At the decline stage, companies experience deteriorating profit and loss of market share. As they suffer from the declining performance, they also face external problems such as the emergence of new competitors, fierce rivalry, and falling prices. In addition, internal issues like overstaffing, increasing expenses, and exhausted innovation dulls their motivation to stay in the industry. All of this could provoke the demise of the firms unless they are determined to fight for their survival through transformative changes. The process of change always starts with some form of survival anxiety. Management will need to relinquish the status quo, unlearn the things that worked in the past but no longer apply, and commit itself to new and effective organizational learning.

The revival stage is typically one of diversification and expansion of scope. The focus is on innovation rather than imitation of the strategies of competitors. It requires strong leadership and also increased investment, to finance capex, R&D, or acquisition. Cost-cutting and product rationalization during the decline stage may have stabilized operations and reduced losses, but retained earnings have been exhausted and companies will need to rely on external sources of capital. Equity is permanent and at this stage can be intrusive and extremely expensive. Traditional bank debt would likely not be available in sufficient amounts given poor recent history through the decline stage and the risks and uncertainties of transformative change efforts. Ideally, companies in this stage are able to attract credit from alternative investors that are accustomed to managing such complex and heterogeneous risks. For companies’ owners, immediate access to and availability of capital becomes more important than its cost, which is temporary and in absolute terms much less than the costs of other options, including the opportunity costs of abandoning the change effort or liquidating assets.

Transformative change is a daunting task and many companies fail because the path to revival is obstructed by established behavior patterns, processes, and cultural norms. Leadership at these companies must not be paralyzed by the risks but rather encourage risk-taking and non-traditional ideas, actions, and activities. Take the example of Marvel Entertainment. It emerged from bankruptcy in 1999 with a heavy debt burden, limited cash, and a corporate culture resistant to change. The cultural orthodoxy at Marvel was to own every form of exploitation of the company’s library of popular superhero characters like Spiderman, the Incredible Hulk, and the X Men. A new chief executive adopted a licensing model for movies, television shows, and video games, and for consumer products such as clothing, school supplies, toys, and even pool tables. He used the proceeds to retire high-yield debt and then with the help of an asset-based debt facility secured by the strength of the character library, the chief executive launched a movie studio which eventually generated blockbuster hits such as Iron Man, The Incredible Hulk, Thor, and The Avengers.

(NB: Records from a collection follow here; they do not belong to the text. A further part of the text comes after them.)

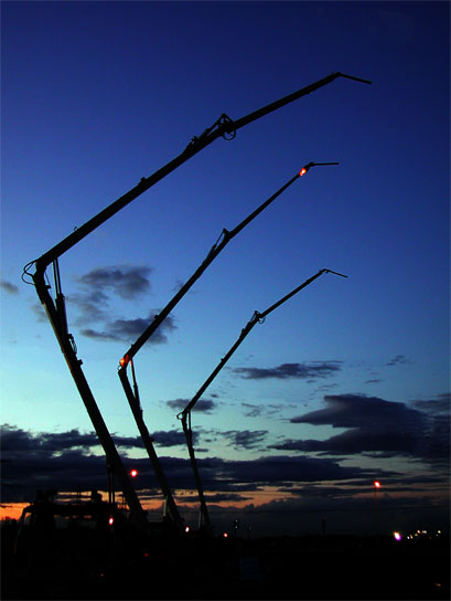夕暮れに大型高所放水車 ’03.10.10
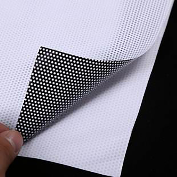 一般,我們常見的公交車外身上張貼一種帶孔的噴繪布是什么材料呢?這種噴繪布材料叫做單孔透,也可以稱作單透貼等名稱。這類材料制作的噴繪布,正面可以使用大型的噴繪機(jī)噴繪出任何的設(shè)計圖案,但是只能單面噴繪,而它的背面則是一種帶膠的材料,能夠粘貼在玻璃、櫥窗、車身等地方。
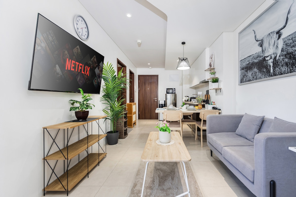 47 sqm – separate Bedroom 9th floor Step into the comfort of this gorgeous apartment nestled in the luxurious oceanfront of Tambuli . Explore resort restaurants, pools, private beaches, exciting attractions and entertaining amenities and then retreat to the lovely condo, whose stylish and convenient design will satisfy your every need. ✔ Comfortable Queen Bed + 2 Sofa Beds ✔ Kitchenette ✔ Smart TV ✔ High-Speed Wi-Fi ✔ Paid Facilities & Services
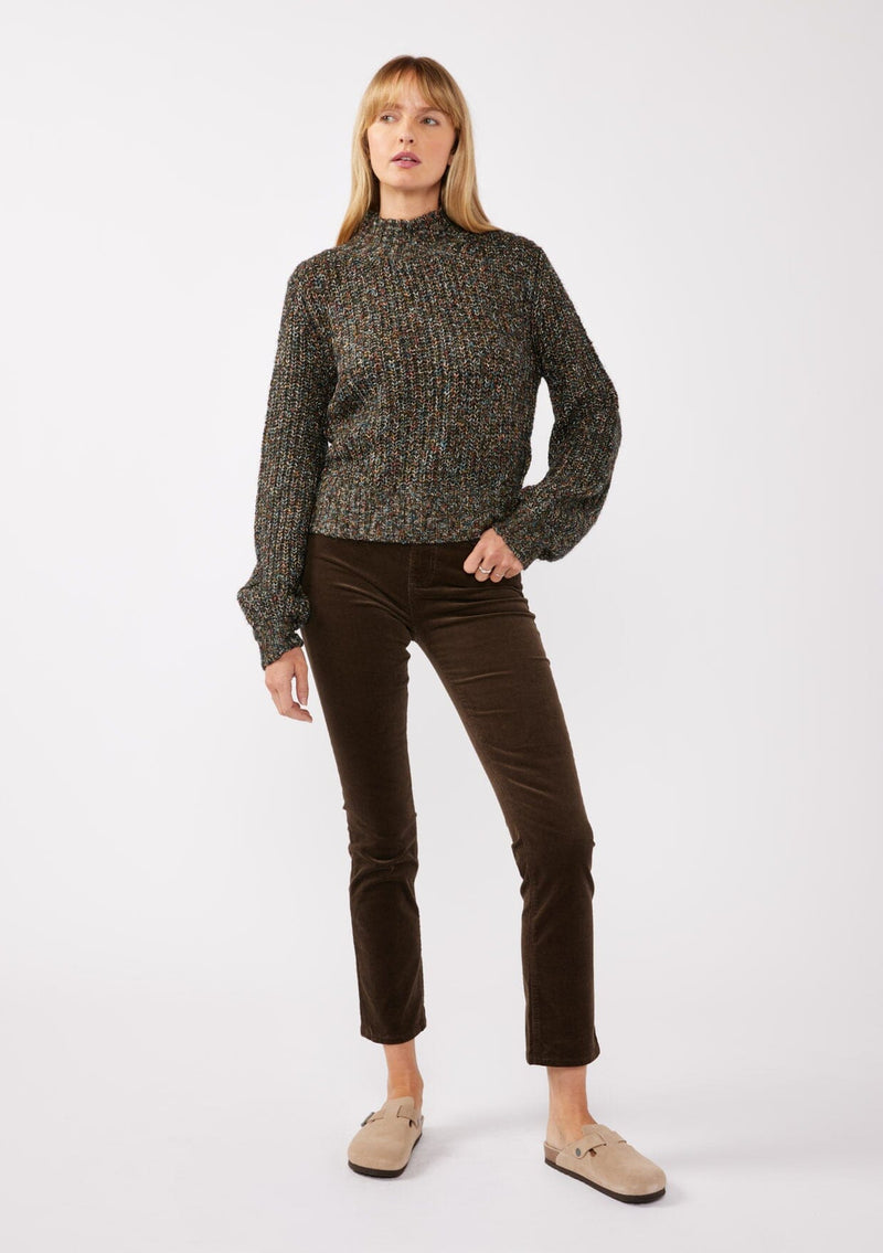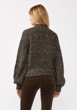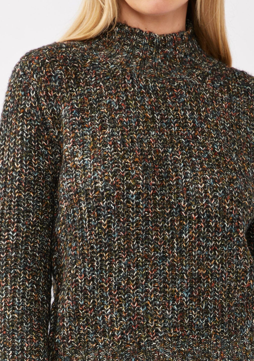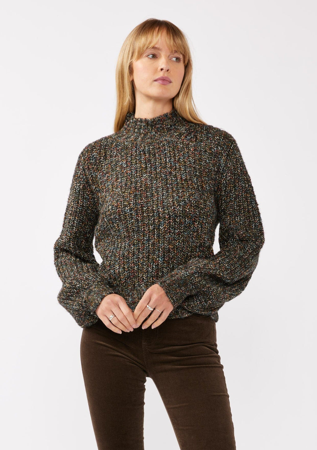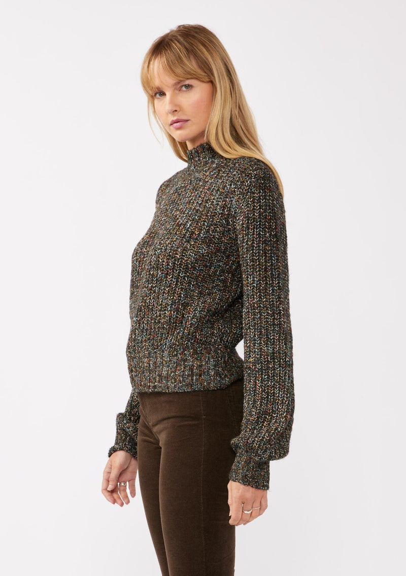 Whether you're at your desk or attending a holiday party, you'll shine in our gorgeous multi-color chunky knit sweater. A cozy pullover featuring a warm mock neck and a flattering voluminous sleeve.

Marvel was sold to Disney in 2009 for over $4 Billion, a nearly 60-fold increase in value from when the transformative change effort began.

Marvel is an extraordinary example of how companies can successfully transition from decline to revival and eventually prosperity. Companies move from one stage to another because they are misaligned with the needs of their environment and must adapt in order to survive. Marvel never declared victory or rested on its laurels while undergoing transformative change. It used the credibility of short-term wins to tackle bigger problems, and anchored changes in the company’s culture by showing how new approaches, behaviors and attitudes led to improved performance.

One of these new approaches was looking at alternative sources of financing. Companies undergoing a similar transition must find investors that are champions of the change effort and are willing to structure their investment to promote the revival. This is a heroic task for traditional lenders, still suffering from the after effects of the financial crisis, but alternative lenders, like Marvel’s superheroes, are accustomed to battling all types of risks and providing rescue when others cannot.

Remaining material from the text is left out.